▸ **EXERCISE INSTRUCTIONS**: Each line from the first line of the entries through the line holding "Alitas de pollo,mostaza" is to be restated word for word; nothing else, and no picture, belongs in the answer.
——
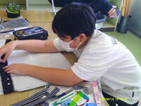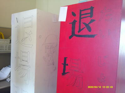 6年生が総合的な学習の時間を使って(探究的な学習活動であるかは微妙ですが)、卒業制作の作製に取り組んでいました。今年の卒業制作は、運動会の入退場門です。木製のパネルを使って組み立てた入・退場門に、インターネットで出力した文字を参考にレタリング(手書き)で入れ、イラストを描いて完成させます。
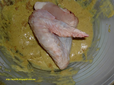 Alitas de pollo,mostaza y caldo de pollo en pastillas
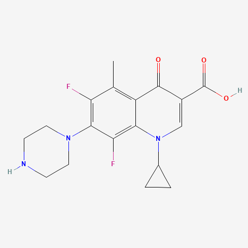- Synonyms:1-Cyclopropyl-6,8-difluoro-1,4-dihydro-5-methyl-4-oxo-7-(1-piperazinyl)-3-quinolinecarboxylic acid;CHEMBL16001;SCHEMBL8554756;ZTPAZQMBBUBRMX-UHFFFAOYSA-N;DTXSID101115017;119914-62-4;7-(1-piperazinyl)-1-cyclopropyl-6, 8-difluoro-5-methyl-1,4-dihydro-4-oxoquinoline-3-carboxylic acid;7-(1-piperazinyl)-1-cyclopropyl-6,8-difluoro-5-methyl-1, 4-dihydro-4-oxoquinoline-3carboxylic acid
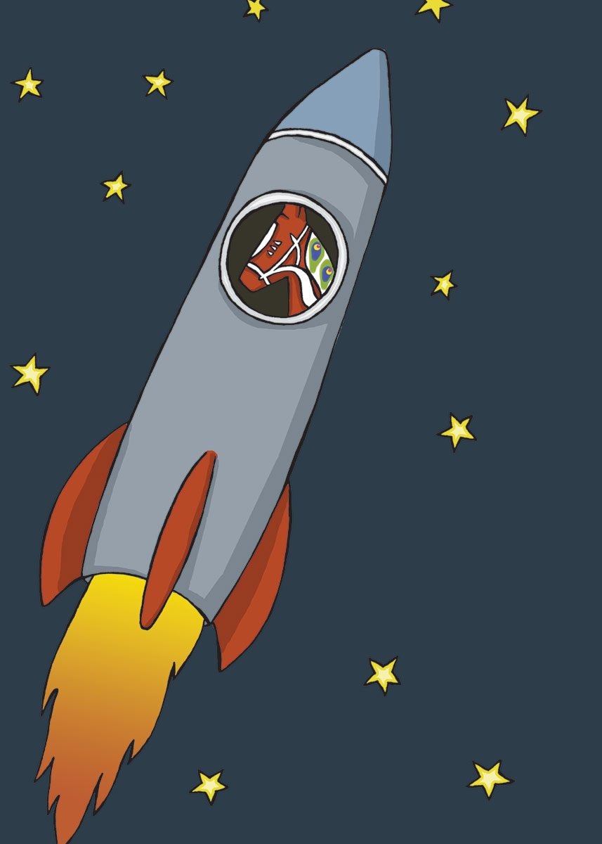 Rectangle Magnet, Karin Didring Dala horse in Rocket
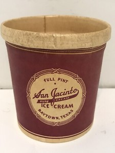 VINTAGE SAN JACINTO ICE CREAM CARTON 1 PINT BAYTOWN TX NESTYLE SEALRIGHT CO
——
▸ **ANSWER TO THIS PROBLEM**:
 6年生が総合的な学習の時間を使って(探究的な学習活動であるかは微妙ですが)、卒業制作の作製に取り組んでいました。今年の卒業制作は、運動会の入退場門です。木製のパネルを使って組み立てた入・退場門に、インターネットで出力した文字を参考にレタリング(手書き)で入れ、イラストを描いて完成させます。
 Alitas de pollo,mostaza y caldo de pollo en pastillas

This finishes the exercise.